Natalii mimowolnie parsknęła śmiechem. Następnie usiadła obok i podjęła nieudolną próbę nakarmienia córki.
− Czyli jedziecie nad morze, tak?
Isaac powoli pokiwał głową, a na jego twarzy znów pojawił się szeroki uśmiech. 
− Tak! To będzie mój pierwszy szkolny wyjazd. Już nie mogę się doczekać!
Samik zaśmiał się cicho. Zmierzył syna uważnym spojrzeniem, a potem przechylił się przez stół i znów poczochrał czuprynę chłopca.
− Tato! – Młody obruszył się nieznacznie, ale to ani trochę nie dotknęło przyjmującego.
− Fajnie, że jesteś – mruknął, uśmiechając się czule. – Naprawdę fajnie, że jesteś.

***

Shoe zacisnął palce na drabince, sprawdził chwyt, a później podciągnął nogi do piersi. Jęknął cicho, gdy poczuł kujący ból w łydce po czym niechętnie zeskoczył na ziemię.
− Czyżby rehabilitacja nie za bardzo cię polubiła?

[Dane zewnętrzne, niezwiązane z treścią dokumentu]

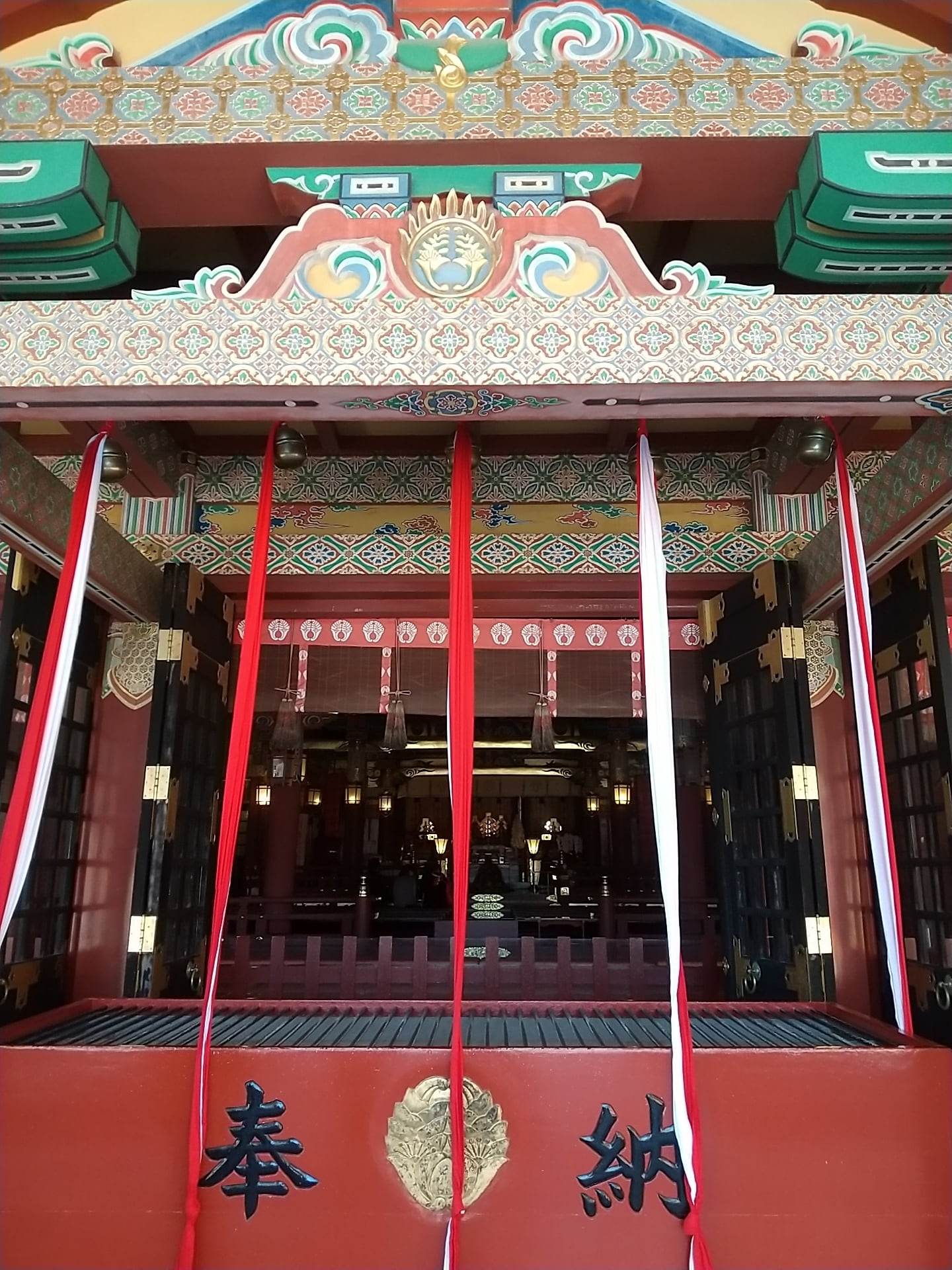 御本殿、御神楽殿、樓門等総漆塗極彩色の宏壮華麗な偉容は、鎮西日光と称され、観光倉稲魂大神(ウガノミタマノオオカミ)一般に稲荷大神と呼称され、衣食住を司り生活全般の守護神として尊崇されておられます。

Wzdrygnął się mimowolnie, słysząc za sobą głos siostry. Odwrócił się na pięcie, a na jego twarzy pojawił się krzywy uśmiech.
− Też się cieszę, że cię widzę, Thalia.
Dziewczyna przewróciła kpiąco oczami. Poprawiła związane w wysoki kucyk, grube, czarne włosy, a potem na luzie podniosła z ziemi ciężarek.

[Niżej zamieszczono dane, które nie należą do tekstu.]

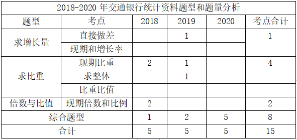 交通銀行校園招聘考試中,資料分析從2018年-2020年每年都考兩篇材料,均為10道題,其中一篇為需要計算的統計材料,另一篇為需要理解的文章閱讀。每篇資料分析有5道題目,并且其中必有1道綜合問題。資料分析考查的材料包括文字材料、統計表格、統計圖、綜合材料等類型。但目前交通銀行的統計材料均是文字+圖形類的資料分析。對于統計材料的計算,大家需要掌握基本的統計概念,熟悉大數據的快速計算技巧。以下是各年份統計資料的各題型和題量的分析數據:2018-2020年交通銀行統計資料題型和題量分析

− A ja się cieszę, że cię tu znalazłam. Mam do ciebie bardzo ważne pytanie.
Uśmiechnął się nieznacznie. Niespecjalnie go to zdziwiło. Niewielka siłownia w miejskim domu kultury, od lat była ulubionym miejsce spotkań rodzeństwa Evans. Jeśli tylko chcieli spokojnie porozmawiać, wyżalić się, czy po prostu pomyśleć w samotności, to tu mogli spędzić spokojnie wiele godzin.
− Jakie to pytanie? – Wytarł twarz małym ręczniczkiem i potrząsnął głową niczym mokry pies.

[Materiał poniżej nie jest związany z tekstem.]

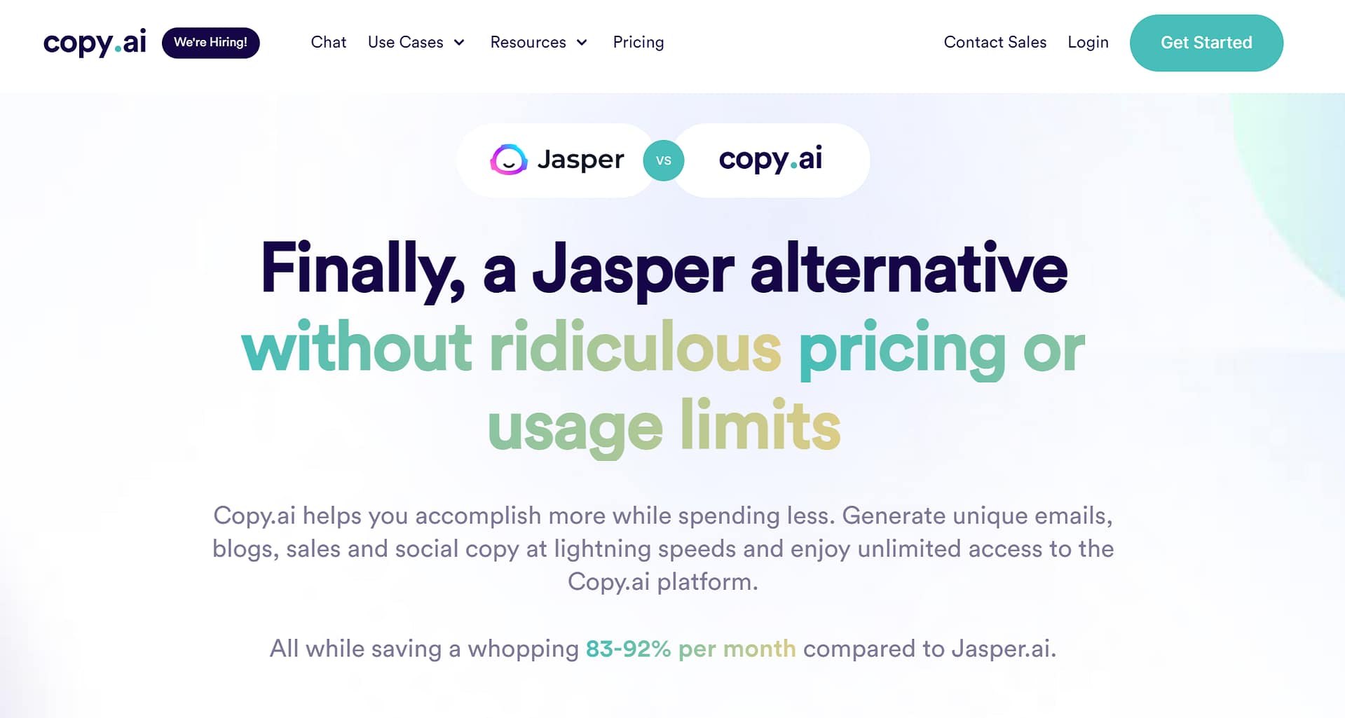Copy.ai is a great alternative to Jasper.ai with similar features, but far cheaper.

− Czy ten twój kumpel, co ma do nas wpaść jest przystojny? – wypaliła bez zastanowienia Thea.
Kompletnie zbaraniał. Spojrzał na siostrę szeroko otwartymi oczami, na poważnie zastanawiając się, czy przypadkiem się nie przesłyszał.
− Możesz powtórzyć?
Skrzyżowała ręce na piersi i z irytacją przewróciła oczami.
− Pod koniec maja ma przyjechać ten chłopak, co u ciebie mieszkał – powtórzyła bardzo powoli tak, jakby mówiła do małego dziecka. − I ja się pytam, w ilu procentach jest z niego ciacho?
− A skąd takie pytanie? – Shoe zmrużył oczy i zmierzył siostrę podejrzliwym  spojrzeniem.
Z cichym świstem wypuściła powietrze. Spojrzała w prawo, potem w lewo i odetchnęła głęboko.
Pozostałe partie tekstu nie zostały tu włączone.